Но вот глаза, бегущие по развалинам, останавливаются: дом! Рядом другой. Еще и еще. Нет, деревня есть, деревня все же есть. Лишь несколько домов сгорело. Но маленькая, тихая, какая невероятно тихая эта деревня! Когда смотришь на нее так, с пригорка, кажется, будто там, внизу, все дремлет, погруженное в заколдованный сон. «Не может быть, чтобы и раньше здесь было так», — удивляется Стефек. Но, должно быть, именно так и было. Это в его ушах теперь грохочет городской шум, гром орудий — бурные, стремительные годы, в которых не было места тишине. А здесь лежит деревня, окаймленная зеленью, в чаще кустов и деревьев, тихая, маленькая, — убогие, нищие Ольшины.

И вдруг он чувствует, будто потерял что-то, будто его постигло разочарование. Хотя он ведь помнит — так здесь было всегда. «Чего же я хочу?» — рассердился он на себя.

И все же чувство разочарования осталось. Это была обыкновенная деревня. Куда-то исчезло лучистое сияние, которое озаряло ее в памяти. Обыкновенная деревня.

Только именно в ней, а не в какой другой живет Соня. Именно в этой деревне его ожидает Соня.

— Во имя отца и сына… Панич Стефек?

Паручиха! Разумеется, это Паручиха. Исхудалая, постаревшая, но все та же. И так же растрепана, и так же шмыгает носом.

— О господи, иду за хворостом в ольшаник, гляжу, кто это такой? Мундир вроде не наш…

— Это польский мундир.

— Вот, вот! То-то у нас рассказывали, что в Лисках поляки стоят… Смотрю, кто такой, вроде знакомый… Выросли вы, что ли? Хотя, ну точь-в-точь такой, какой был! Только будто покрепче стали, что ли… Вот привел бог увидеть, не думала, не гадала! И — в Ольшины вернулись?

— Ненадолго… Отпросился из части, посмотреть…

— А на что тут смотреть, боже милостивый!.. Никого нет, одни бабы остались.

— Как одни бабы?

— Да известно… Кого немцы убили, кто в партизанах пропал. А кто остался — те все до одного в армию пошли, когда немцев прогнали. Так что одни бабы…
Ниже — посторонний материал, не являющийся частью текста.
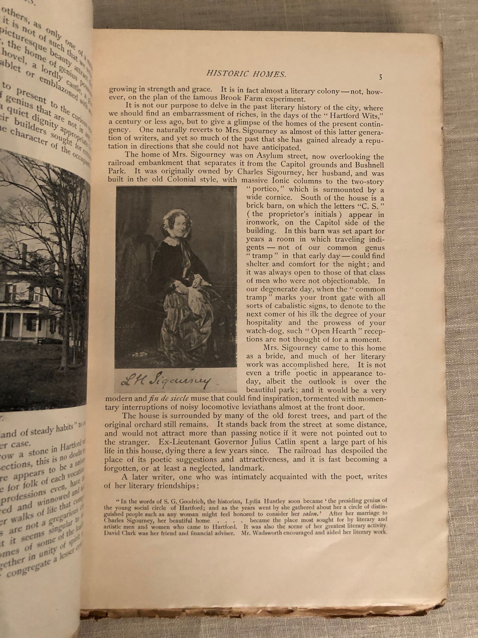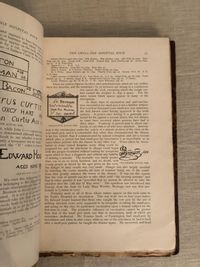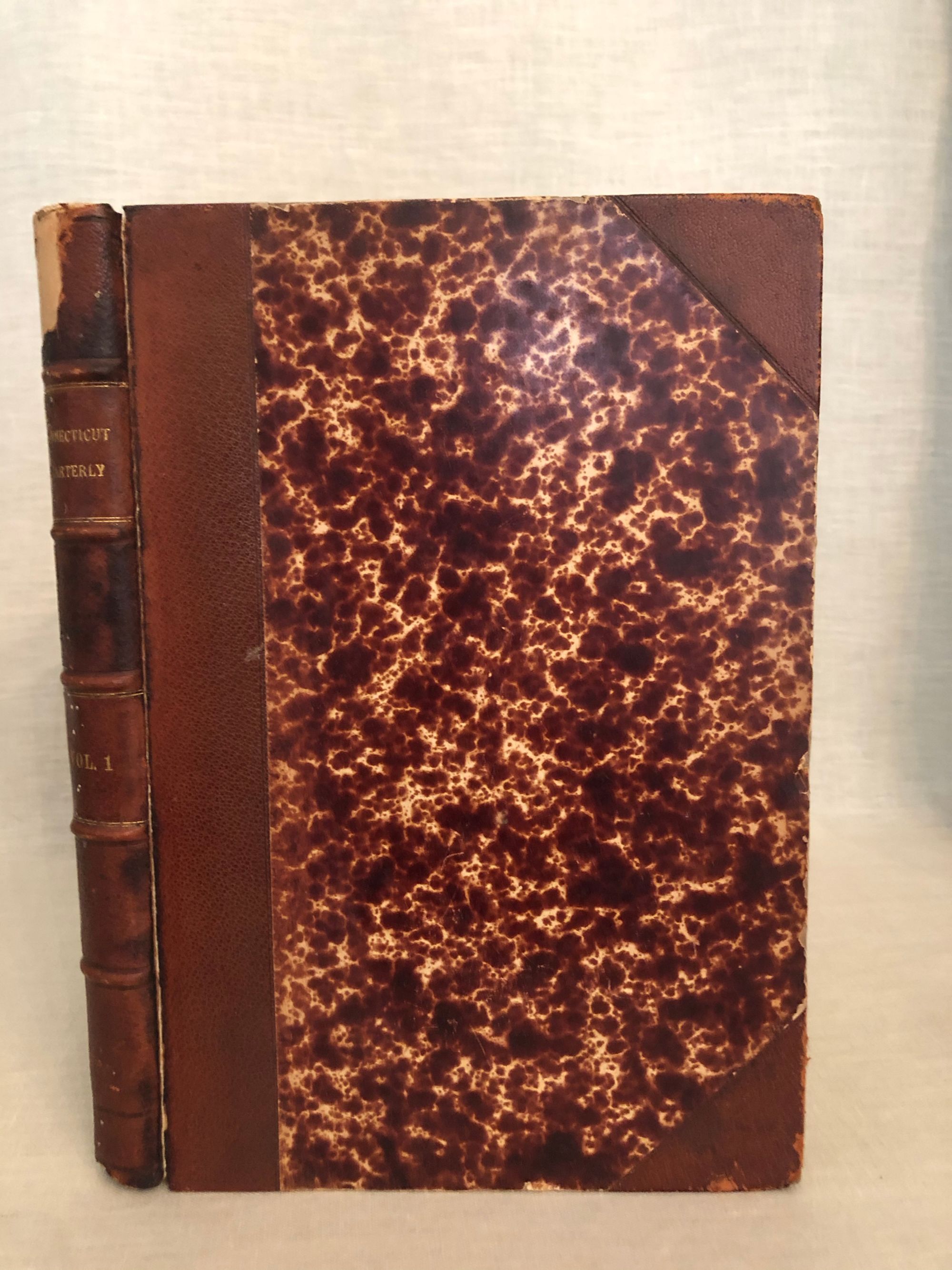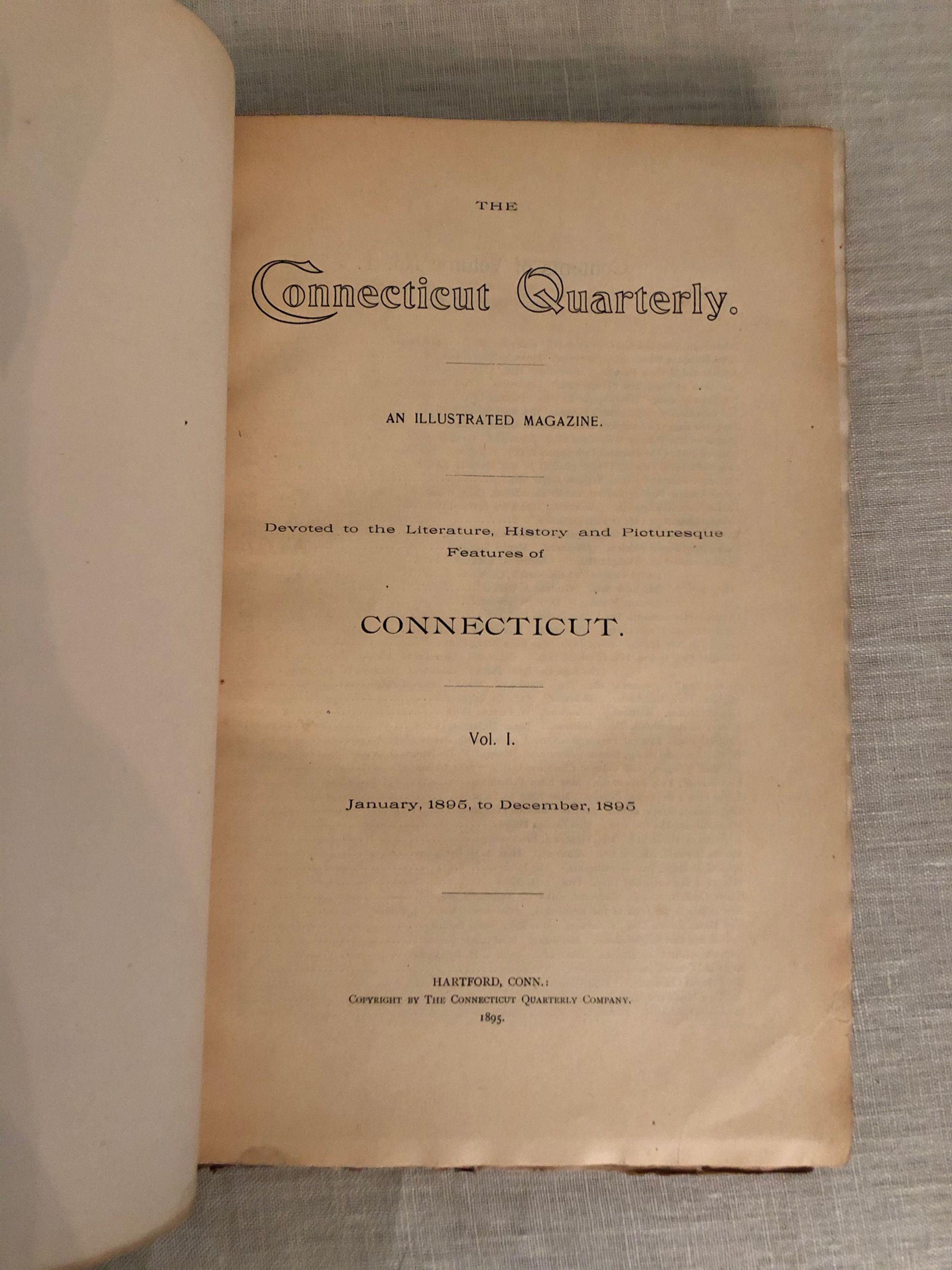 410pp. Scarce first volume of The Connecticut Magazine, with articles/illustrations titled: Aaron Burr, The History of Anaesthesia, Ancient and Modern Norwalk, The "Henry Lee" Argonauts of 1849, Autumn Morning by D.F.Wentworth, Bits from Grand Mother's Journal, Bungalow Bay, Ella Wheeler Wilcox and The Bungalow, Bushnell Park, Campbell's Falls, Canton, Center Church Burying Ground, Clinton, Old Colonial Characters, Farmington, The Girl from Massachusetts, Granby, The New Haven Green, The Hartford Park System, The Hospital Rock, Yale Boys of the Last Century, Letter from a Repentent Royalist, Scope or the Lost Library, Memories of Meriden, Musical Melange, Old Time Music and Musicians, Some Native Orchids, New Britain in the Days of the Revolution, Reginald Roxdale, A Revolutionary Boycott, Simsbury, The Small Pox Hospital Rock, Sociology and Civics, Suffield, The Towers of Talcott Mountain, The Thomas Hooker of Today, The Three Dates, Treasure Trove, Tunxis, A Visit to Mrs Sigourney, The Wide Awakes. With poetry by: Ellen Brainerd Peck, Florence Carver Davis, Fanny Driscoll, Louis E Thayer, W Farrand Felch, Albert Lewis Thayer, C Calverley, Robert Clarkson Tongue, John Rossiter, Joseph Archer, Henry Mason Chadwick, Franklin E Denton, Willard Werner, John Greenlead Whittier, Herbert Randall, Adele Green, Rose Terry Cooke, John Payne, F C H Wendel, Stockton Bates, Joseph Truman, Rufus Dawes, Will Farand Felch, and Richard E Burton. Condition: Large chip missing from top of spine. Hinges reinforced with tape. Interior Very Good.

Вопрос так и вертелся на языке, но что-то не давало спросить. Переждать, переждать еще немножко, оттянуть мгновение, радостное или страшное… Ведь он уже тут, на месте, все равно сейчас узнает.

— А у вас что слышно? Как ребятишки?

— У меня-то? Боже милостивый! Что у меня может быть слышно? Двое младших померло… Ноги, руки у них так опухли, прямо как у утопленников, и померли оба прошлой весной — как раз когда в Паленчицах горело…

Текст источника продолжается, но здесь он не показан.